Research

Funding 

My research threads have been funded by National Institute of Health (R01 grant - 1 percentile score), National Science Foundation and Office of Naval Research with me as PI/co-PI.

Research Codes

Research codes of many of my papers are available on my GitHub page (Raj Guhaniyogi GitHub)

Spatial and Spatial-temporal Modeling

Due to the recent advances in Geographical Information Systems (GIS) and other advanced measurement techniques with lower storage costs, the size and complexity of spatially geocoded data are growing over time. While classical geospatial models using Gaussian processes are ideal to capture complex local variations in spatial data, they are often inadequate in scaling to large datasets due to the massive computation and storage complexity. The issue is further exacerbated for Bayesian estimation of Gaussian process models using Markov Chain Monte Carlo (MCMC). I have been introduced to this problem during my early PhD years through my first-hand collaboration with environmental and soil scientists on the spatial/space-time analysis of massive remote sensing data. I have been developing computationally efficient low-rank Gaussian processes, their multiscale variants and distributed inference with Gaussain processes to offer general solutions to this problem.

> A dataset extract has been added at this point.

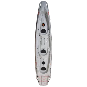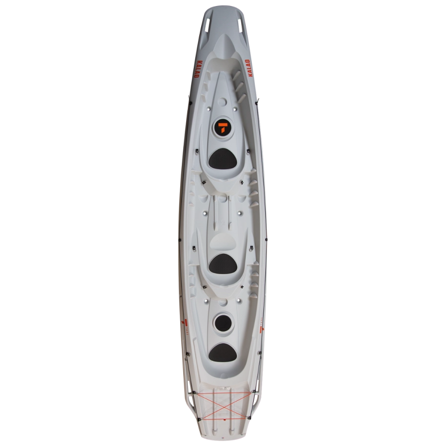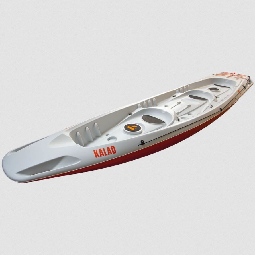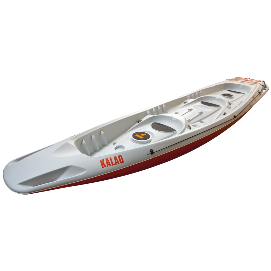Gleichermaßen einsetzbar auf dem Meer und auf Seen, für reine Vergnügungs- oder Angelausflüge – der Kalao steht für grenzenlose Abenteuer! Wie alle Kajaks in der BIC Sport Palette ist auch der Kalao mit vielen innovativen Details ausgestattet. Die fließende, stabile Rumpfform ermöglicht es der ganzen Familie (zwei Erwachsene und zwei Kinder) komfortabel und sicher in einem Kajak unterwegs zu sein. Der Kalao ist das erste 3-Personen Sit-on-Top Kajak auf dem Markt! 3 Erwachsene finden hier auf drei ergonomisch geformten Sitzen Platz. Im Wesentlichen verbindet der Kalao das Fassungsvermögen eines Old-Style Kanus mit der Sicherheit eines Sit-on-Top Kajaks! Eine weitere große Innovation: Der Kalao kann mit einem Elektromotor angetrieben werden. Der weitgehend flach gestaltete Rumpf mit sehr geringem Tiefgang ist extrem stabil, was es ermöglicht, den Kajak in vielseitigen Bedingungen einzusetzen. Aspekte wie einfaches Verstauen von Taschen und der einfache Transport des Kajaks wurden ebenfalls berücksichtigt. Ein weiterer wichtiger Punkt: Der Kalao ist unsinkbar!

Distributed Bayesian Inference for Stochastic Process Modeling of Massive Structured Data

While last decade has seen an increasing interest in developing practically efficient and theoretically optimal flexible high-dimensional and nonparametric Bayesian methods to model the complex dependencies in massive structured datasets (e.g., spatial data, temporal data, higher order functional data) that aid precise characterization of uncertainty from the underlying stochastic processes, most of this effort has been devoted to the development of novel modeling approaches. This literature has largely operated within a centralized data processing framework where all data are stored and analyzed on a single processor. However, many practical considerations often require data to be analyzed in a decentralized manner without any communication between the analysis for different subparts. While this scenario majorly arises in my collaboration with environmental scientists regarding efficient storage and computation of massive data, I have also encountered it during my collaboration with multiple groups in national laboratories which collect data on similar characteristics, but are not able to share data outside of their organization. In such cases, it is crucial to adopt a strategy of "federated" or "distributed" learning with complex stochastic process models for structured data. Most of the ML strategies on this topic is suboptimal for offering uncertainty quantification and lack theoretical gurantees. This thread comprehensively addresses this gap by offering a general distributed Bayesian algorithm for stochastic process models with dependent data.

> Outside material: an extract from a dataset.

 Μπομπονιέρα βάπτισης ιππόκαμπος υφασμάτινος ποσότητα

Bayesian Regression with Non-Euclidean Objects

Collaboration with neuroscientists sparked my interest in developing regression methods with non-euclidean objects, such as tensors or graphs. Consequently, my group developed the first Bayesian regression frameworks with tensor-valued predictors, as well as with tensor-valued responses. Of late, neuro-imaging data from multiple imaging modalities (e.g., fMRI, DTI, PET) haa opened the possibility of integrating information from different sources to study neuro-degenerative disorders, like Alzheimer's. To this end, my group has been actively pursuing development of regression methods with diverse objects having different but connected topologies. This is an extremely ripe yet largely unexplored area of research which will see many exciting developments.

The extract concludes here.